O_O I would like to sleal then both!


----------



## dedebird (May 21, 2010)

they are both very awsome xDDDDD


----------



## Mickey4793 (Sep 24, 2009)

Gorgeous! The horse too! ;]


----------



## haleylvsshammy (Jun 29, 2010)

Mickey4793 said:


> Gorgeous! The horse too! ;]


hahahahahaha! You almost made me spit out my water! 

That horse is gorgeous!


----------



## kaydeebug (Aug 10, 2010)

i freakin love grays. ive been searching every where for one. but this one is really pretty. i love how long the mane is. wanna give him to me ???? :O


----------



## teagan (Aug 16, 2010)

i love it i want it


----------



## tempest (Jan 26, 2009)

if he goes missing...I didn't do it. He's gorgeous, I really want him.


----------



## New_image (Oct 27, 2007)

Impressive! And very handsome horse, love his mane


----------



## damnedEvans (Jan 23, 2010)

thank you all for the comments  I really love those photos because they are better quality that the ones that I do with my regular camera. This ones were taken with a friend's camera. 
I love Calin's mane too and besides of the fact that it's very long it is very thick too. I love to see a horse with long mane. 

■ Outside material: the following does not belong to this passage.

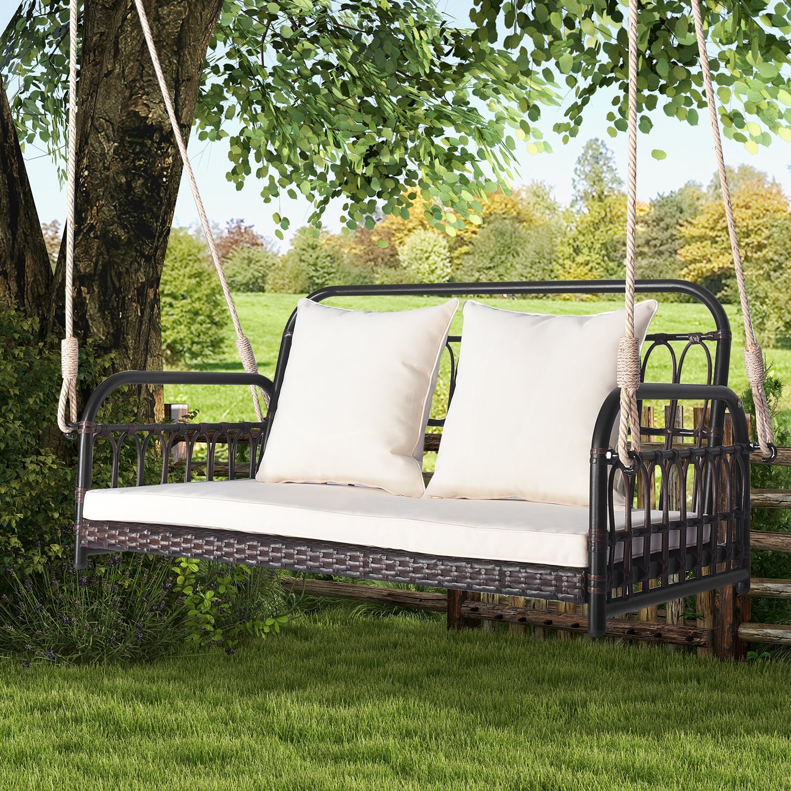 ● Colorfast hand-woven PE wicker for higher outdoor durability● Provide you with a comfy sitting experience with soft padded cushions● Removable and washable cushion cover for great convenience● Please always keep cushions dry for prolonged service time● 880 lbs strong bearing capacity for safe swinging● Seat up to 2 people for outdoor enjoyment ● 2 included hemp ropes for flexible hanging● Suitable for front porch garden backyard and more● Convenient to assemble

You can all steal him without a problem, but please don't fight for him :lol:. He will be happy to have a home just for him and to be loved all day long. And I'm referring to the horse ladies .


----------



## luclaq (Aug 16, 2010)

grays are awesome, like flea-bitten ones too a lot, cremellos or albinos are cutest the ^^


----------



## kaydeebug (Aug 10, 2010)

haha so your selling him??? i call dibs!!!! im a lady  haha


----------



## damnedEvans (Jan 23, 2010)

kaydeebug : If it were mine I would not sell him for sure ). But he is at a horse rescue now, he will be used as a lesson horse. But I bet he would prefer to have a home for his own.


----------



## kaydeebug (Aug 10, 2010)

darn it.... well you should ask how they got the mane that long.... i would my horses that long and thick


----------



## mliponoga (Jul 24, 2010)

kaydeebug said:


> darn it.... well you should ask how they got the mane that long.... i would my horses that long and thick


I agree!! But I know part of that is the breed sadly enough :-(


----------



## Tessa T (Aug 6, 2010)

Bummer, that the horse isn't for sale. He's amazing.  How about the guy? 
If he's looking for a home, I got your back. LOL Seriously though, gorgeous horse.


----------



## smrobs (Jul 30, 2008)

The progress that he has made is absolutely phenomenal. He actually seems happy to be in the company of humans now and so willing . He has really blossomed into a stunning guy.


----------



## rocky pony (Oct 5, 2007)

Is this real life? lol
They look straight from a movie or something :lol:

Anyway, what a handsome boy!


----------



## mom2pride (May 5, 2009)

Darn you're too far away...Beautiful horse


----------



## Carleen (Jun 19, 2009)

Gorgeous horse, gorgeous man.

I am packing my bags and moving in. See you in about 13 hours. ;-)


----------



## kathryn (Jan 16, 2009)

What an amazing looking horse! Wow!


----------



## damnedEvans (Jan 23, 2010)

thank you all for your nice comments. 

smrobs : yes, he did a great progress in such a short time. Now he has no problem with the human's company. He is ok with it and willing to do what it's asked from him. He is funny sometimes because when you ask him something he is like " ok, look I know how to do it.... But, but... look I know this one too, and this one, just give me another carrot"....


----------